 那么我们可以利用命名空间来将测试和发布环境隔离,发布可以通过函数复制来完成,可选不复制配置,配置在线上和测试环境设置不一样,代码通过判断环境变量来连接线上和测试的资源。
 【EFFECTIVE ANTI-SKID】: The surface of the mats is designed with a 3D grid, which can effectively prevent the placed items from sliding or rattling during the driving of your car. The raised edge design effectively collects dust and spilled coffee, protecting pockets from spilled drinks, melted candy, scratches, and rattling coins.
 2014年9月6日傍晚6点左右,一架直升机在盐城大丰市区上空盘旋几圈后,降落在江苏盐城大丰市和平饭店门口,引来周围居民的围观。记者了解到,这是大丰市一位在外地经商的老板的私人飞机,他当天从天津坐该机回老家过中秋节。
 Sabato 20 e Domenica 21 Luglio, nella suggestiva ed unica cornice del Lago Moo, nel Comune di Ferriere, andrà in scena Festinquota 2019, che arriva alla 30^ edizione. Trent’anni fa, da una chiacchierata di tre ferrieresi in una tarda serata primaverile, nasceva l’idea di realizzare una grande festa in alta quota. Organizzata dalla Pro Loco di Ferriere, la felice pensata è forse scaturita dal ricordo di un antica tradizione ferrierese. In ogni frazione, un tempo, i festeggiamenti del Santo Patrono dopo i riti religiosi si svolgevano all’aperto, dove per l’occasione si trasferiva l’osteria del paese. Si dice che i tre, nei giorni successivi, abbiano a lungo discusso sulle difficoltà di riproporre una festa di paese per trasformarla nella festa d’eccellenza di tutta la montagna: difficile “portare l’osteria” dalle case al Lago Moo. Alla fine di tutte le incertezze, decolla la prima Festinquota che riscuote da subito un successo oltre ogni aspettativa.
--
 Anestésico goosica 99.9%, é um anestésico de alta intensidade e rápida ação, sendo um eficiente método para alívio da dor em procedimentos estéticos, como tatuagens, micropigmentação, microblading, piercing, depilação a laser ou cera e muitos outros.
==
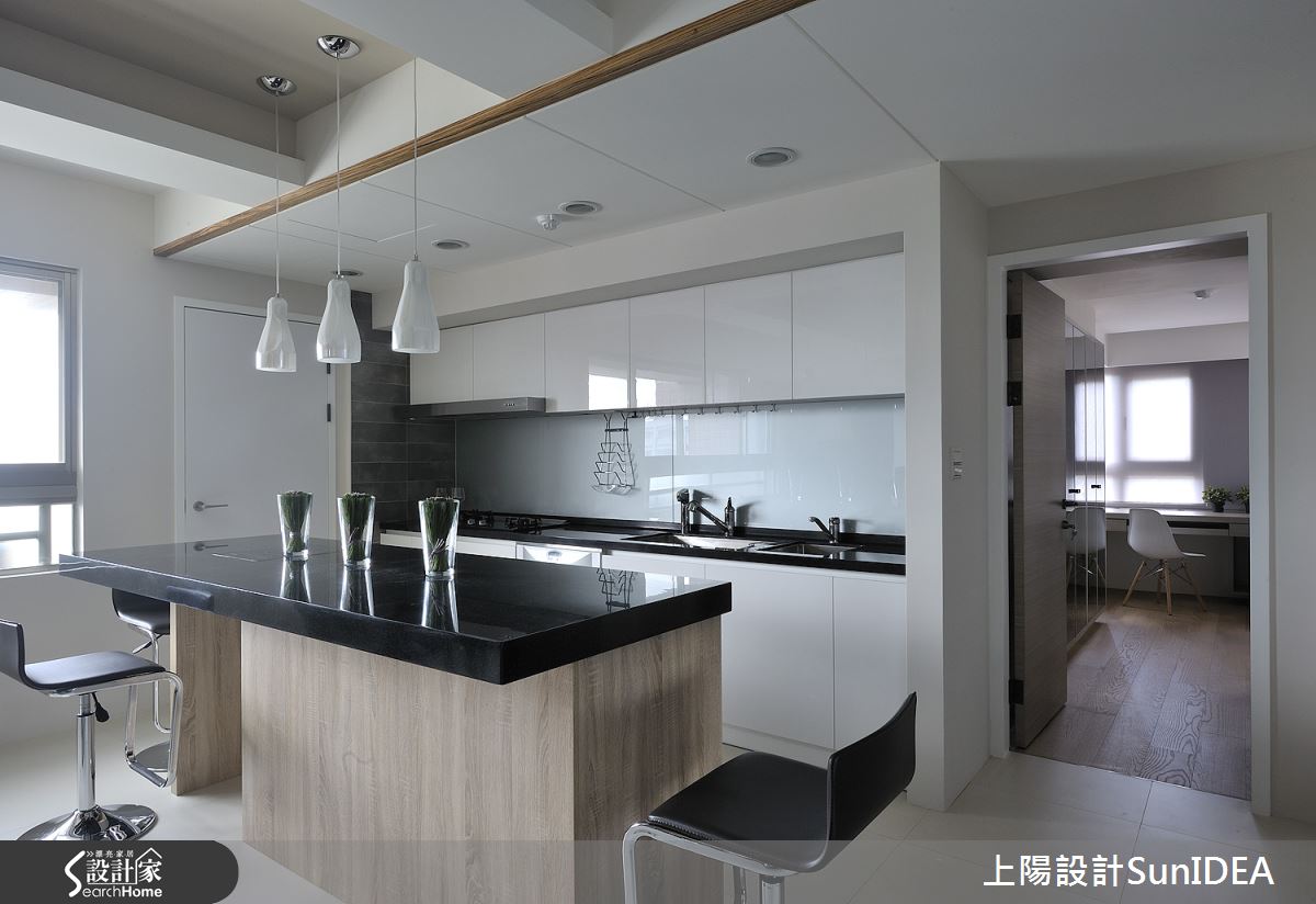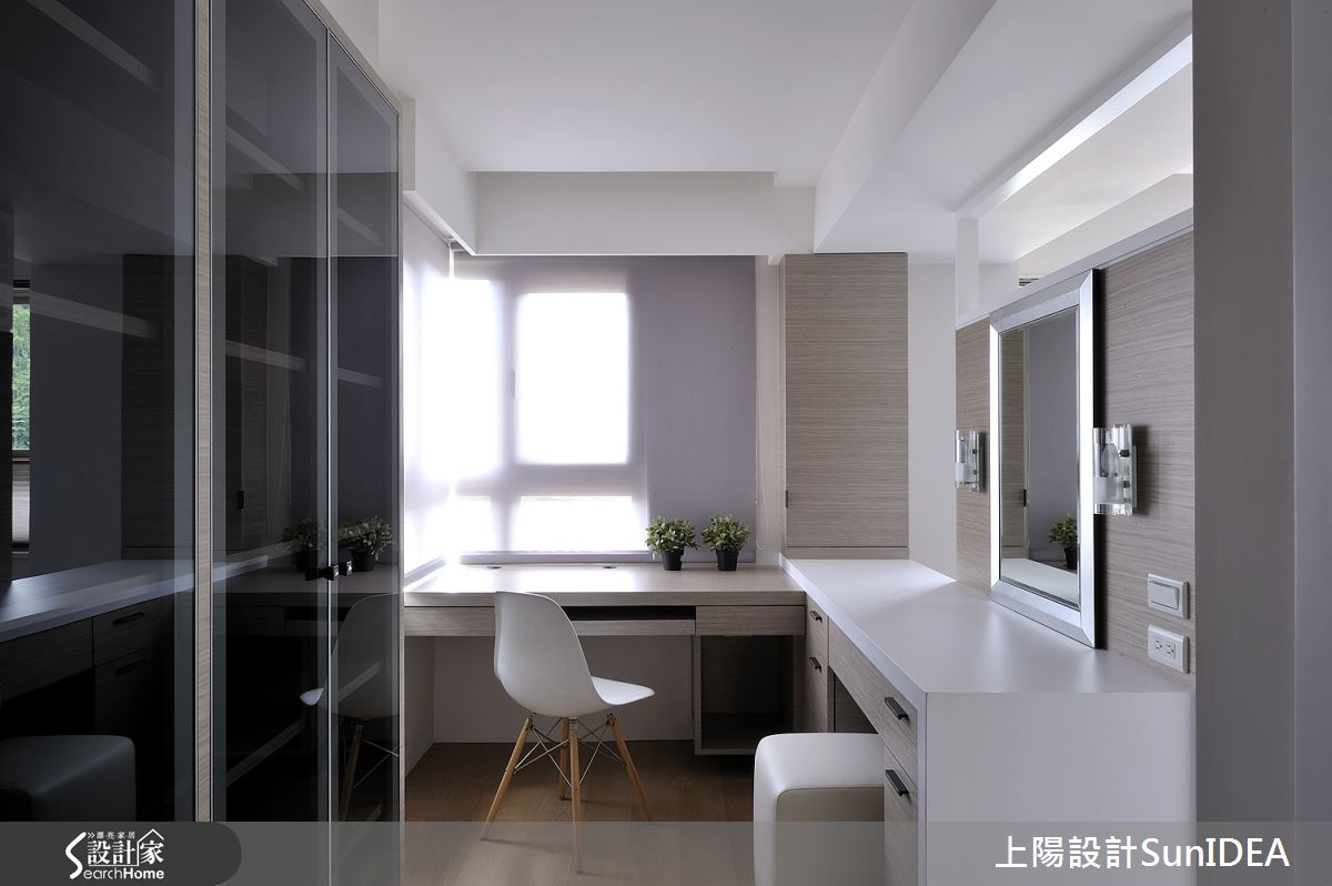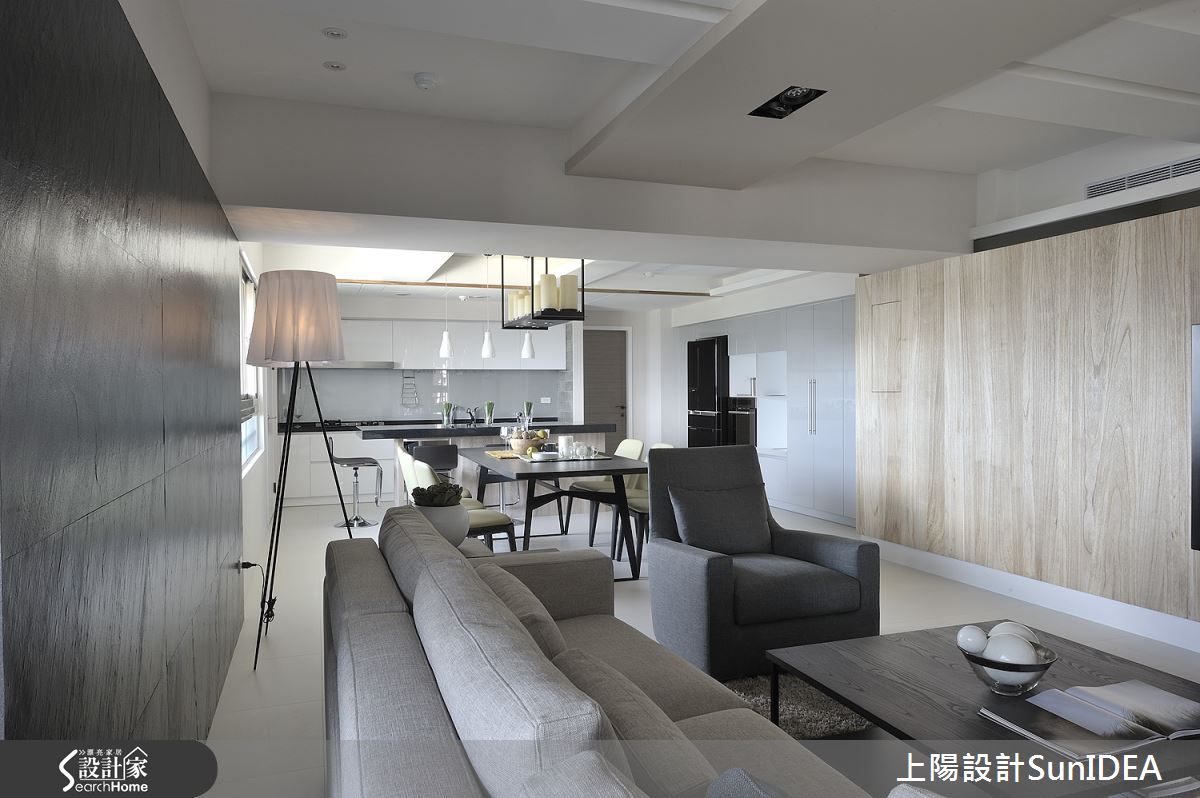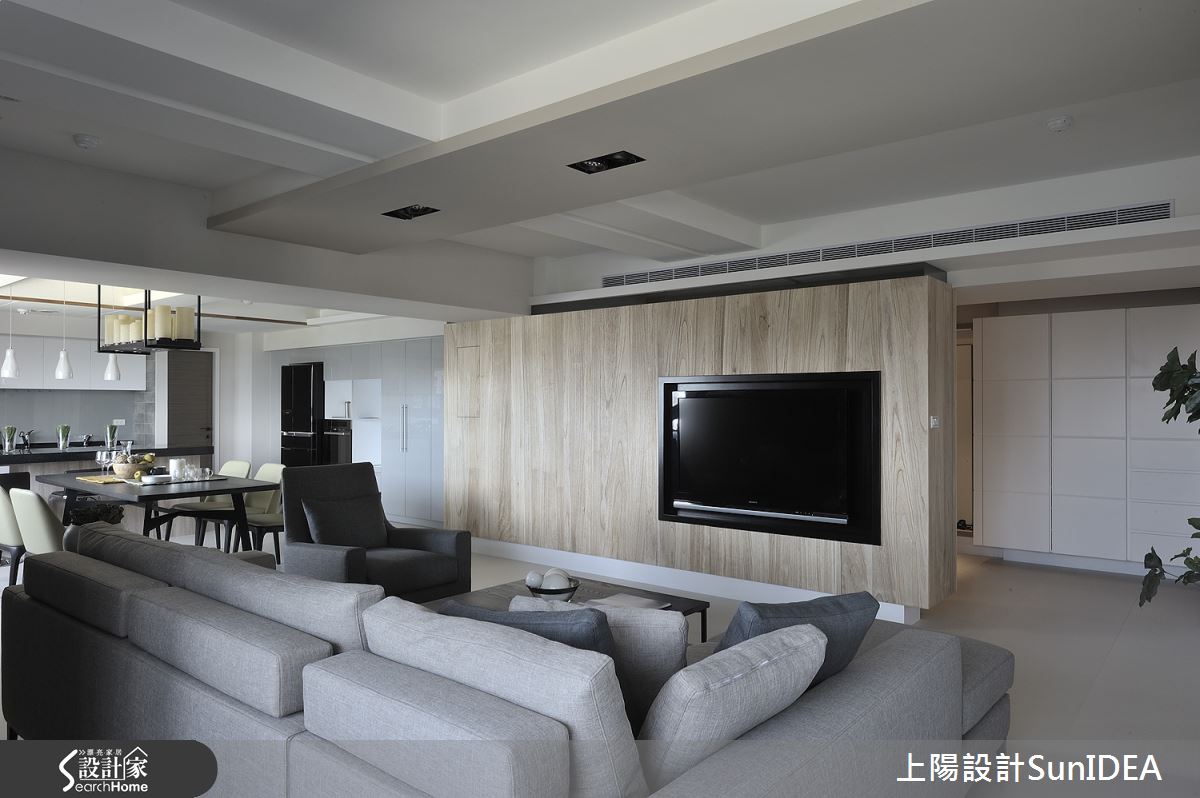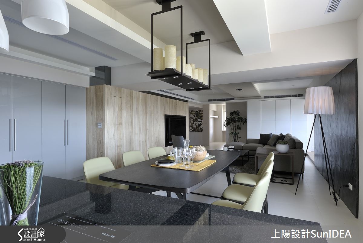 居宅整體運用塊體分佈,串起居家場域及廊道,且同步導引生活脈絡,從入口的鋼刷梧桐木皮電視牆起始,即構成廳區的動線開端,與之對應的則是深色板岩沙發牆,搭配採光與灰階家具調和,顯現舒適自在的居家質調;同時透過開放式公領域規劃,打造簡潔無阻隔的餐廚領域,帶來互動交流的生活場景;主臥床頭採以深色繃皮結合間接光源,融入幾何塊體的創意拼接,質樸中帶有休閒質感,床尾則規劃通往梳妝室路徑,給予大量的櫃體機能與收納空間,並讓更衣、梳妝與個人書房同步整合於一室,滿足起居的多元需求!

*Task instructions*.
Starting at the line that has "那么我们可以利用命名空间来将" in the records above, restate word for word every line until the one that has "2014年9月6日傍晚6点左", and include that one as well.

*Output of the task*.
 那么我们可以利用命名空间来将测试和发布环境隔离,发布可以通过函数复制来完成,可选不复制配置,配置在线上和测试环境设置不一样,代码通过判断环境变量来连接线上和测试的资源。
 【EFFECTIVE ANTI-SKID】: The surface of the mats is designed with a 3D grid, which can effectively prevent the placed items from sliding or rattling during the driving of your car. The raised edge design effectively collects dust and spilled coffee, protecting pockets from spilled drinks, melted candy, scratches, and rattling coins.
 2014年9月6日傍晚6点左右,一架直升机在盐城大丰市区上空盘旋几圈后,降落在江苏盐城大丰市和平饭店门口,引来周围居民的围观。记者了解到,这是大丰市一位在外地经商的老板的私人飞机,他当天从天津坐该机回老家过中秋节。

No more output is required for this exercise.